Material for this task:
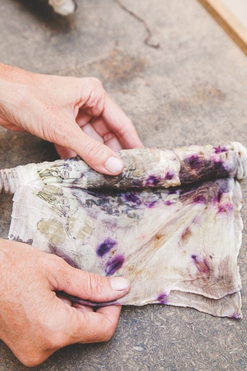 Das zeigt sich auch in ihrem eigenem Schaffen, in dem Naturfarben auf verschiedensten Oberflächen eine Rolle spielen – von Papier über Seide bis hin zu den Garnen. Vor drei Jahren nahm sie an einem Naturfarben-Workshop teil und war sofort Feuer und Flamme. Es folgte ein Workshop zum Eco-Printing, bei dem Blumen oder Pflanzen auf die Oberfläche gelegt und dann fest angedrückt werden. In ihrem Geschäft bietet sie diverse Schals in zartestem Rosa an, gefärbt mit Avocado, und wunderschöne Strickgarne in allen möglichen Tönen, gefärbt mit Zutaten wie schwarzen Oliven oder Kurkuma.
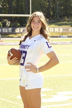 Bella is a multi-sport athlete that has played Flag Football for several years, but for her senior year she changed positions over to the offensive side of the ball and now she leads the team in receptions, yards, and touchdowns. She is a solid student academically that is excelling in a schedule filled with multiple AP classes. She’s a great leader in the community and even volunteers as an assistant athletic trainer when she’s not playing flag football. Bella would make a great selection for the Athlete of the week.
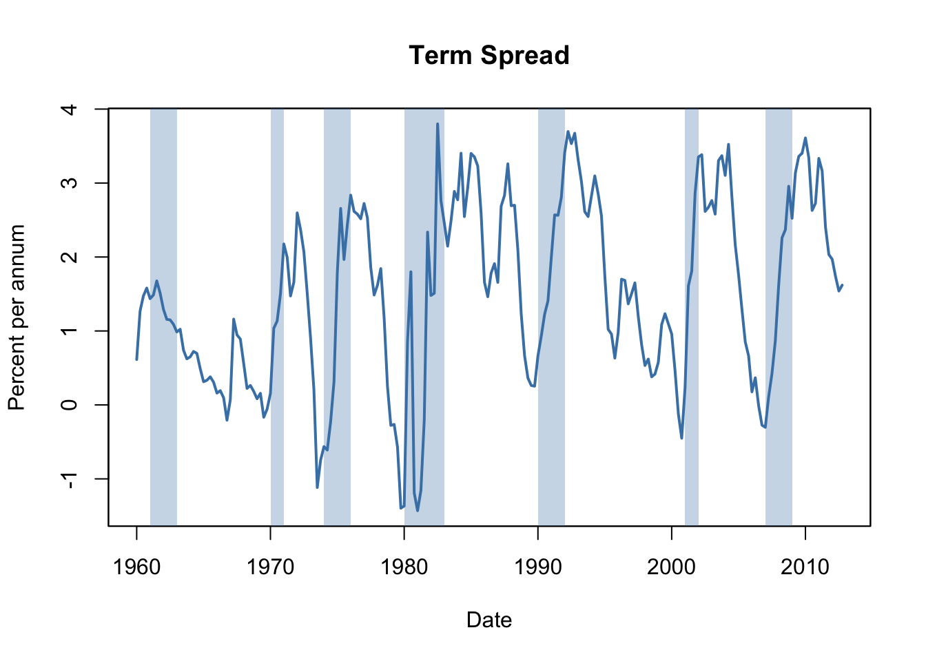 TSpread <- TB10YS - TB3MS# reproduce Figure 14.2 (a) of the book
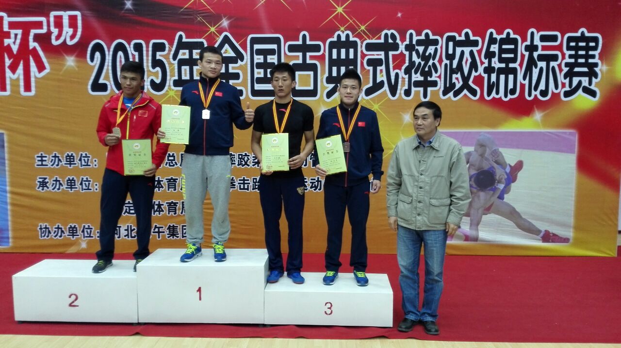 4月16日,在河北省徐水县举行的2015年全国古典式摔跤锦标赛66公斤级决赛比赛中,我校竞技体育学院古典摔跤教练兼运动员郑攀代表湖北省参加比赛,以比分8:0战胜新疆代表队道列提别克·格买,一举夺冠。
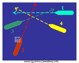 Zgodnie z zasadami prawa drogi jednostki tej samej kategorii, które znalazły się w przedstawionej na rysunku sytuacji na akwenie o nieustalonym kierunku ruchu powinny przejść w kolejności
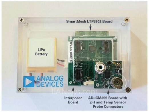 通過將ADuCM355和ADI SmartMesh收發(fā)器相結(jié)合,我們創(chuàng)建了一個小型低功耗pH值測量傳感器節(jié)點。ADuCM355將測得的pH數(shù)據(jù)作為數(shù)字輸出。然后,該數(shù)字數(shù)據(jù)通過UART連接到ADI的LTP5902 SmartMesh IP無線收發(fā)器。 LTP5902 通過SmartMesh網(wǎng)絡將數(shù)字數(shù)據(jù)傳輸至SmartMesh IP管理器。
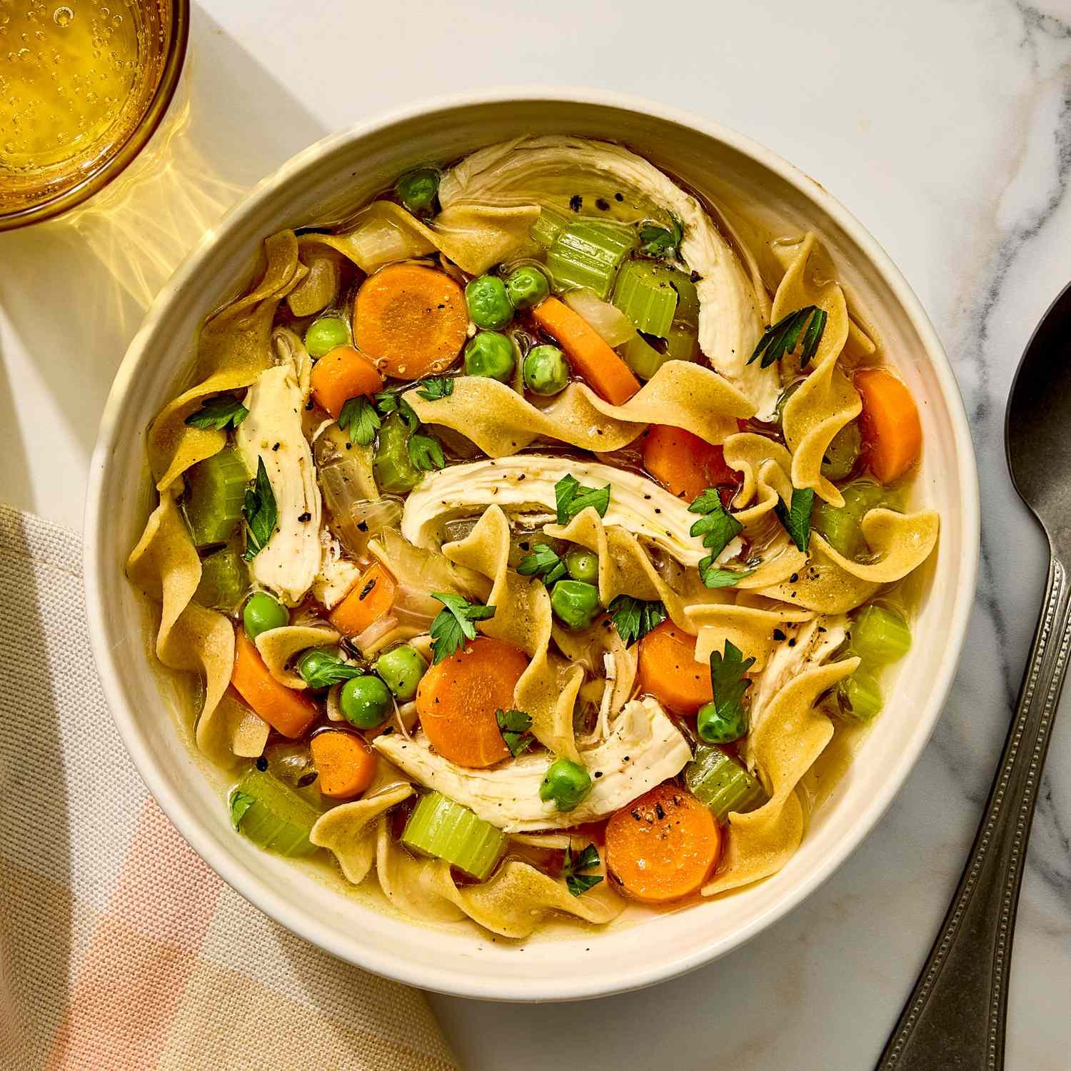Classic chicken noodle soup gets a healthy upgrade with low-sodium chicken broth, whole-wheat egg noodles and tons of vegetables. To get a homemade stock flavor using store-bought broth, we simmer bone-in chicken breasts in the broth before adding the rest of the soup ingredients. But you’re short on time, feel free to use pre-cooked chicken and start the recipe at step 2.

Task requirements:
Reproduce, word for word, everything in the listing above from the line containing "TSpread <- TB10YS" down to the line containing "Zgodnie z zasadami", both of them included. No pictures.

Your response:
 TSpread <- TB10YS - TB3MS# reproduce Figure 14.2 (a) of the book
 4月16日,在河北省徐水县举行的2015年全国古典式摔跤锦标赛66公斤级决赛比赛中,我校竞技体育学院古典摔跤教练兼运动员郑攀代表湖北省参加比赛,以比分8:0战胜新疆代表队道列提别克·格买,一举夺冠。
 Zgodnie z zasadami prawa drogi jednostki tej samej kategorii, które znalazły się w przedstawionej na rysunku sytuacji na akwenie o nieustalonym kierunku ruchu powinny przejść w kolejności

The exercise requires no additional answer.